I guess we could perhaps expect that -(::Symmetric, ::Hermitian) is Hermitian?

[odow]

So perhaps your underlying issue is:

julia> using JuMP, LinearAlgebra

julia> model = Model();

julia> @variable(model, A[1:2, 1:2] in PSDCone());

julia> @variable(model, B[1:2, 1:2] in HermitianPSDCone());

julia> A + B
2×2 Matrix{GenericAffExpr{ComplexF64, VariableRef}}:
 A[1,1] + real(B[1,1])                    A[1,2] + real(B[1,2]) + imag(B[1,2]) im
 A[1,2] + real(B[1,2]) - imag(B[1,2]) im  A[2,2] + real(B[2,2])
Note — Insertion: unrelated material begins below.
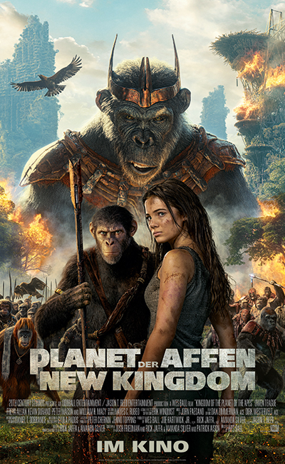 Mit dem neuesten Teil der weltweit beliebten Reihe, haucht Regisseur Wes Ball dem legendären Franchise neues Leben ein. PLANET DER AFFEN: NEW KINGDOM spielt viele Jahrzehnte nach Caesars Herrschaft, in einer Welt in der die Affen die dominierende, in Harmonie lebende Spezies sind und die Menschen nur noch ein Schattendasein führen. Während ein neuer, tyrannischer Affenanführer sein Imperium aufbaut, begibt sich ein junger Affe auf eine erschütternde Reise, die ihn dazu bringt, alles, was er über die Vergangenheit wusste, in Frage zu stellen und Entscheidungen zu treffen, die nicht nur die Zukunft der Affen, sondern auch die der Menschen bestimmen werden.
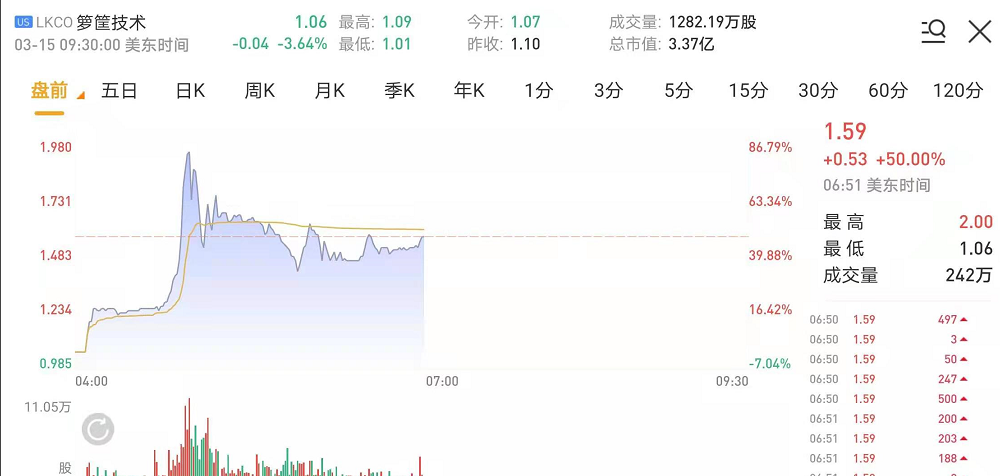 箩筐技术(LKCO)盘前一度大涨超80%。截至发稿,该股现涨50%,报1.59美元。

julia> C = LinearAlgebra.Symmetric(rand(Float64, 2, 2));

julia> D = LinearAlgebra.Hermitian(rand(ComplexF64, 2, 2));

julia> C + D
2×2 Hermitian{ComplexF64, Matrix{ComplexF64}}:
  1.66933+0.0im       0.626978+0.438058im
 0.626978-0.438058im  0.427326+0.0im

[odow]

We're missing overloads for these base methods: https://github.com/JuliaLang/julia/blob/48d4fd48430af58502699fdf3504b90589df3852/stdlib/LinearAlgebra/src/symmetric.jl#L516-L519

[araujoms]

Fair enough. It's not the design I would have chosen, but there's no silent failure anymore, which is the part I found really objectionable. Now it gives either the correct answer or PrimalInconsistent. I'm just a bit puzzled about why the eltype of the return dual variable is suddenly ComplexF64.

[odow]

I'm just a bit puzzled about why the eltype of the return dual variable is suddenly ComplexF64.

Because we assumed that Hermitian matrices are Complex-valued.

I've added a new method to #3805 where we now add Real-valued Hermitian matrices as SymmetricMatrixShape instead.

[araujoms]

Cool, now it's real. Thanks a lot!

[blegat]

Thanks for catching the bugs, issues in the dual are not easy to spot!